Using a plasmid or adenoviral vector expression system to generate strong CTL responses to the capsid protein or the α-Gal transgene product, we demonstrate that, in the absence of NAb responses in μMT mice, preexisting capsid-specific CTL responses have no effect on the strength or duration of α-Gal expression. In contrast, preexisting α-Gal-specific CTL responses significantly affected long-term transgene expression, resulting in a 2-log decrease in initial expression that dropped to undetectable levels by 2 weeks after AAV administration. The drop in expression was also accompanied by an increase in serum transaminase levels. These results suggest that CTL responses against the transgene product, as opposed to AAV capsid protein, are the major factor limiting transgene expression from AAV vectors.
The C57BL/6 histocompatible (H-2b) SVB6 fibroblast cell line was used in CTL assays and was a gift from L. Gooding (Emory University, Atlanta, GA). HeLa cells were purchased from the American Type Culture Collection (ATCC, Manassas, VA). Cells were grown in Dulbecco's modified Eagle's medium (DMEM) supplemented with 10% fetal calf serum (Lonza Walkersville, Walkersville, MD), penicillin (100units/ml), streptomycin (100μg/ml), and 2mM glutamine. Cells were maintained at 37°C in a 5% CO2 atmosphere and confirmed to be free of mycoplasma by routine testing.

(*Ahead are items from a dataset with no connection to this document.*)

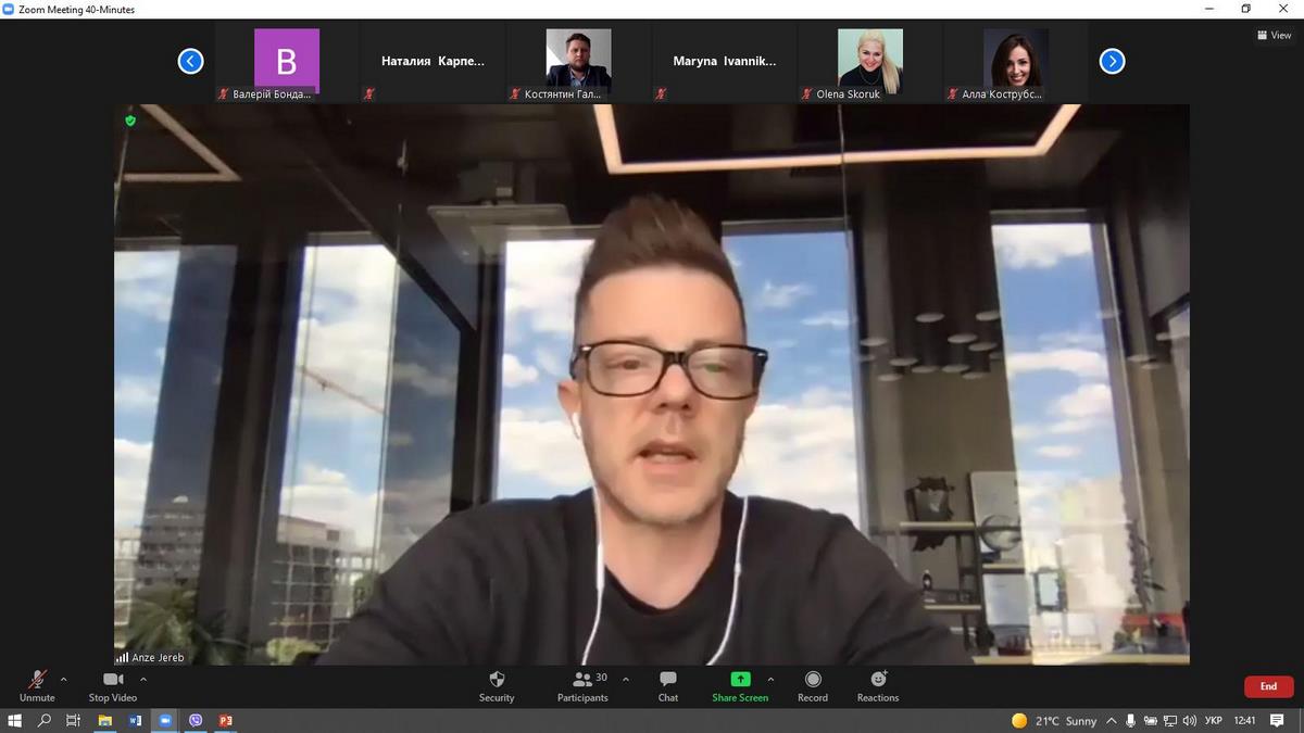 Anze Jereb, відзначив, що саме час змінювати парадигму спеціальності «Маркетинг», оскільки маркетинг це філософія управління, а сучасному бізнесу потрібні вузькосфокусовані професіонали за спеціальностями, які не завжди можна отримати в Україні. Тому, доцільно знайти можливості для вивчення європейського досвіду формування стандартів та взяти його за основу Професійного стандарту «Рекламіст», що створить можливість підприємствам рекламної індустрії наступні 10 років використовувати його у своїй діяльності.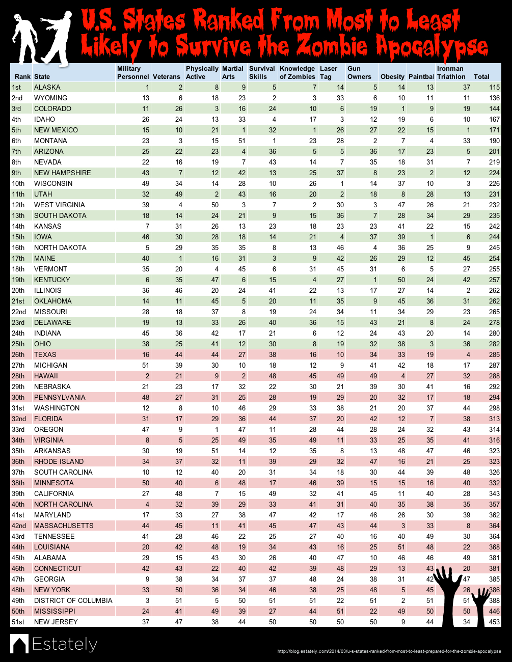 Estately’s incredibly comprehensive analysis of our national preparation for zombie disaster used 11 categories to measure a state’s threat level, looking at residents’ physical fitness, knowledge of zombies, and access to weapons. Factors examined included laser tag’s popularity in a given state, percentage of military veterans, and number of Evil Dead-heads. The results were calculated and then turned into this essential list, take a look and see if you need to start planning your route to Terminus: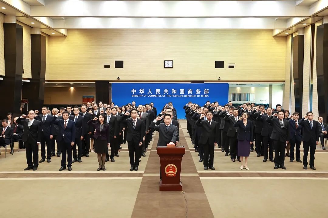龙商网消息:7月15日,商务部举行宪法宣誓仪式,部党组书记、部长王文涛同志监誓,党组成员、副部长盛秋平同志主持,87名新任职司处级干部依法进行了庄严的宪法宣誓。

AAV2/α-Gal contained serotype 2 inverted terminal repeats and the human α-Gal cDNA under the control of the DC190 liver-restricted promoter (Ziegler et al., 2004; Barbon et al., 2005; McEachern et al., 2006). Recombinant vectors were produced by triple-plasmid transfection of 293 cells and were column purified as reported (O'Riordan et al., 2000). The final titer of AAV2/α-Gal was determined by TaqMan polymerase chain reaction (PCR) of the bovine growth hormone polyadenylation signal sequence. Quality control of each lot of recombinant included analysis for bioburden (presence of gram-positive bacteria) and endotoxin testing (<0.6EU/ml). The Ad5/Cap virus expressing the capsid protein under the control of the cytomegalovirus (CMV) promoter was a kind gift from N. Muzyczka (University of Florida, Gainesville, FL).
Groups of three to five C57BL/6 or BALB/c mice were immunized with peptide, plasmid, or recombinant adenoviral vectors to induce capsid-specific CTL responses. AAV2 capsid peptides were identified by the BIMAS (BioInformatics and Molecular Analysis Section, Center for Information Technology, National Institutes of Health, Bethesda, MD) peptide prediction algorithm. For peptide analysis, mice were immunized with 100μg of peptide emulsified in Freund's incomplete adjuvant and injected intradermally into mice. To generate T cell-specific responses using plasmid or recombinant adenoviral vectors, mice were immunized intramuscularly with either 100μg of pCAP-plasmid (plasmid expressing AAV2 Cap driven by the CMV promoter) or 1×1010 particles of Ad5/Cap virus. Two weeks postimmunization, mice were killed and spleens were collected for analysis as detailed subsequently.
Six- to 8-week-old female C57BL/6 or B cell-deficient μMT mice were purchased from Charles River Laboratories (Wilmington, MA). To generate antigen-specific T cell responses, mice were immunized intradermally with 1×1010 particles of an adenoviral vector expressing either the α-Gal or AAV2 capsid protein or with plasmid as previously described. Two weeks after immunization, a subset of mice was killed and spleens were collected to confirm the induction of a CTL response. The remaining animals were injected intravenously with 1×1011 particles of a recombinant AAV2/α-Gal vector under the control of a liver-specific promoter. At various time points postinjection, serum was collected and analyzed for the presence of circulating α-Gal protein. In some studies, long-term transgene expression was examined in the presence and absence (no preimmunization) of specific cytolytic T cell responses. All animal experiments were conducted in accordance with the guidelines established by the Institutional Animal Care and Use Committee at Genzyme (Framingham, MA).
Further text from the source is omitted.